Exercise:
In the records that follow, find the line containing "وفي صحيح مسلم" and the line containing "i hope everything", then transcribe both and every line between them exactly, omitting pictures.

Dataset entries:

::::::

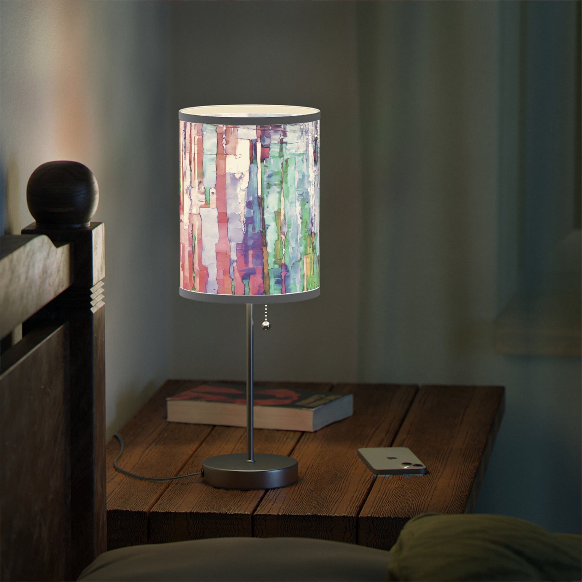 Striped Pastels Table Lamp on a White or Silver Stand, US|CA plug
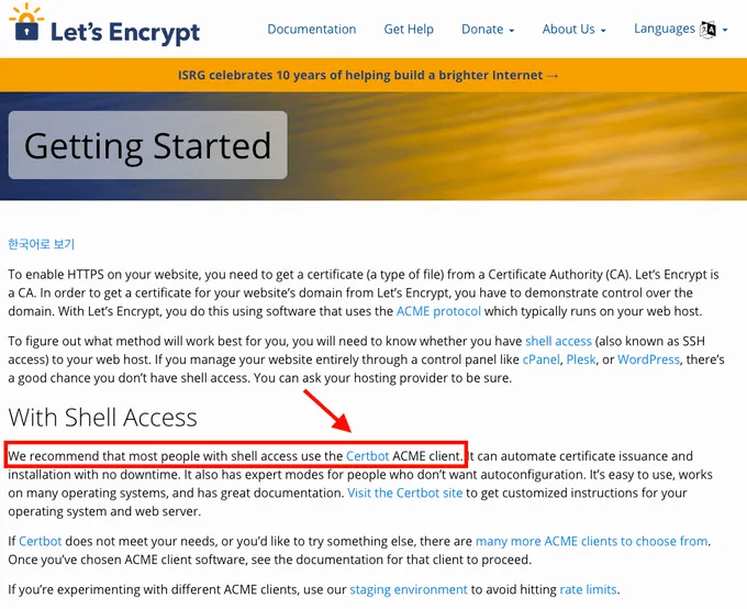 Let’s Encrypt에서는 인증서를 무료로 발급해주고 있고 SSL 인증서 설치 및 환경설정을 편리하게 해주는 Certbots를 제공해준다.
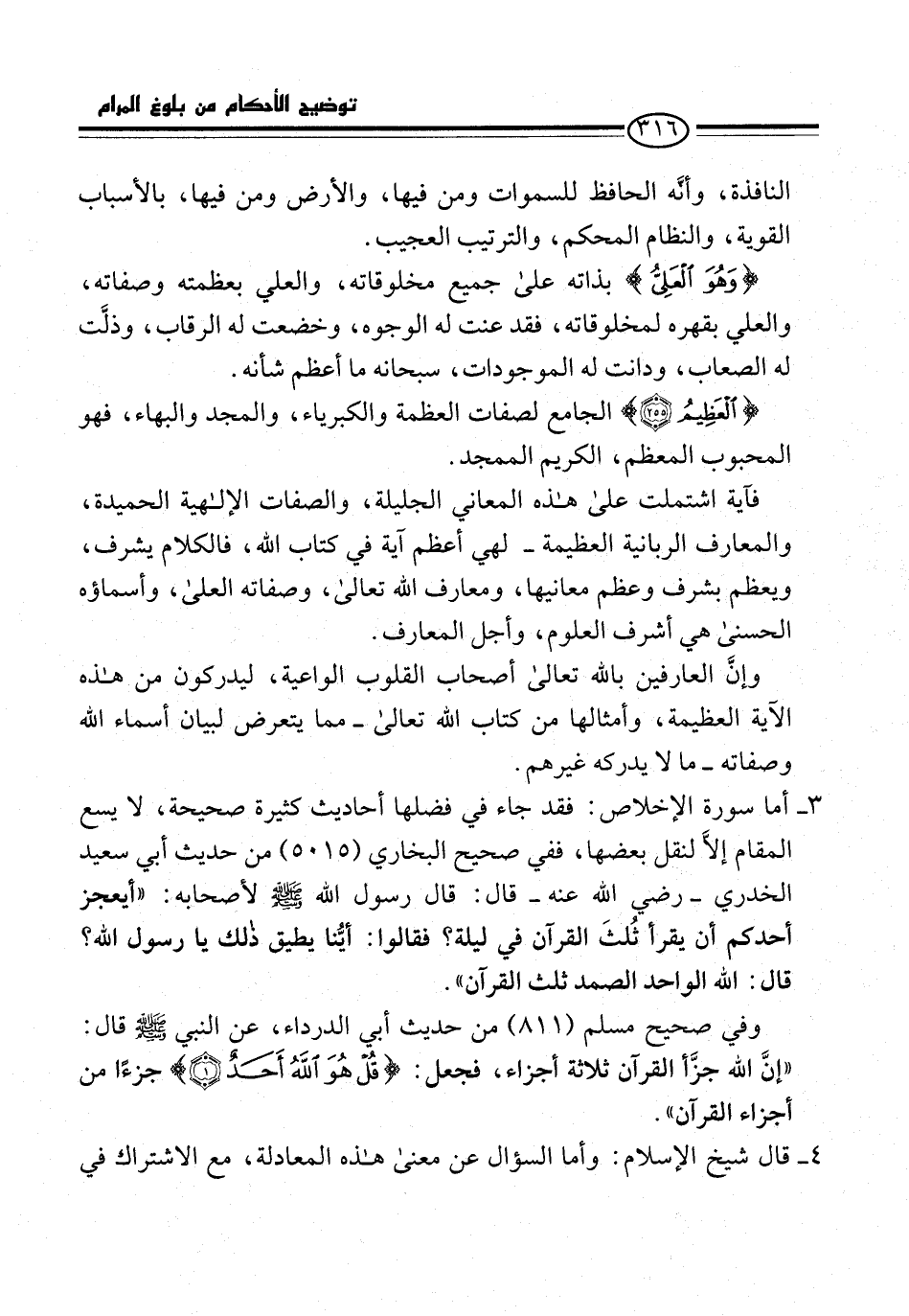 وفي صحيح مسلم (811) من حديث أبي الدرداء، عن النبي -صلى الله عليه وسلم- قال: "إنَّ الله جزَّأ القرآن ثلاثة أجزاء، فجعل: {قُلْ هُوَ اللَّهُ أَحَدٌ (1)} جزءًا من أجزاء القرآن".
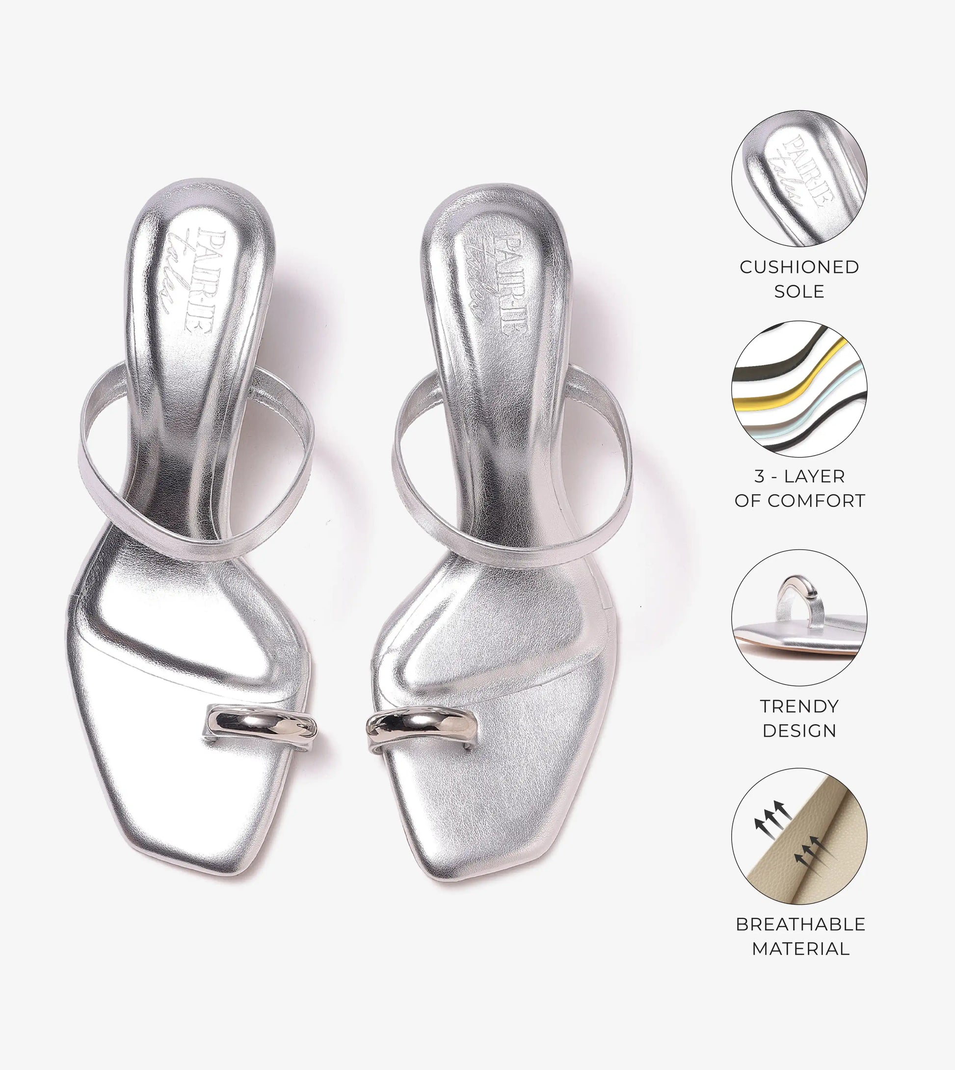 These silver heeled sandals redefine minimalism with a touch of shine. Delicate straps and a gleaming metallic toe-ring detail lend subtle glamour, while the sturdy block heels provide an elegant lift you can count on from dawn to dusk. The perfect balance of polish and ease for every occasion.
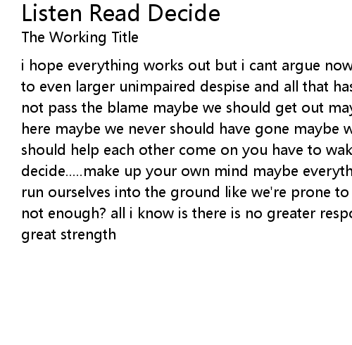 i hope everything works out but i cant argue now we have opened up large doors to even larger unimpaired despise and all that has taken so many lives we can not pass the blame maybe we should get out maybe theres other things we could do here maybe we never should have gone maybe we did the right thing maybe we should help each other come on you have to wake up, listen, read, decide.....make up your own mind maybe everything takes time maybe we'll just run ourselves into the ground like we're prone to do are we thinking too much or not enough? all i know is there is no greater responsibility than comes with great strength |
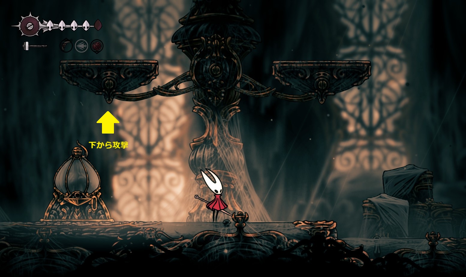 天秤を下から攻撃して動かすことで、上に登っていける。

::::::

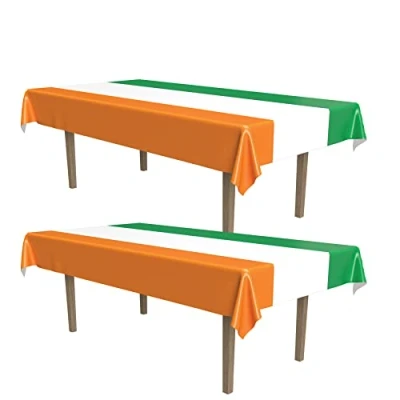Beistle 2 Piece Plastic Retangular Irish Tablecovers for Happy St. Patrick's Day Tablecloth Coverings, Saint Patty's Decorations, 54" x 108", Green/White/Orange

::::::

Written reply:
 وفي صحيح مسلم (811) من حديث أبي الدرداء، عن النبي -صلى الله عليه وسلم- قال: "إنَّ الله جزَّأ القرآن ثلاثة أجزاء، فجعل: {قُلْ هُوَ اللَّهُ أَحَدٌ (1)} جزءًا من أجزاء القرآن".
 These silver heeled sandals redefine minimalism with a touch of shine. Delicate straps and a gleaming metallic toe-ring detail lend subtle glamour, while the sturdy block heels provide an elegant lift you can count on from dawn to dusk. The perfect balance of polish and ease for every occasion.
 i hope everything works out but i cant argue now we have opened up large doors to even larger unimpaired despise and all that has taken so many lives we can not pass the blame maybe we should get out maybe theres other things we could do here maybe we never should have gone maybe we did the right thing maybe we should help each other come on you have to wake up, listen, read, decide.....make up your own mind maybe everything takes time maybe we'll just run ourselves into the ground like we're prone to do are we thinking too much or not enough? all i know is there is no greater responsibility than comes with great strength |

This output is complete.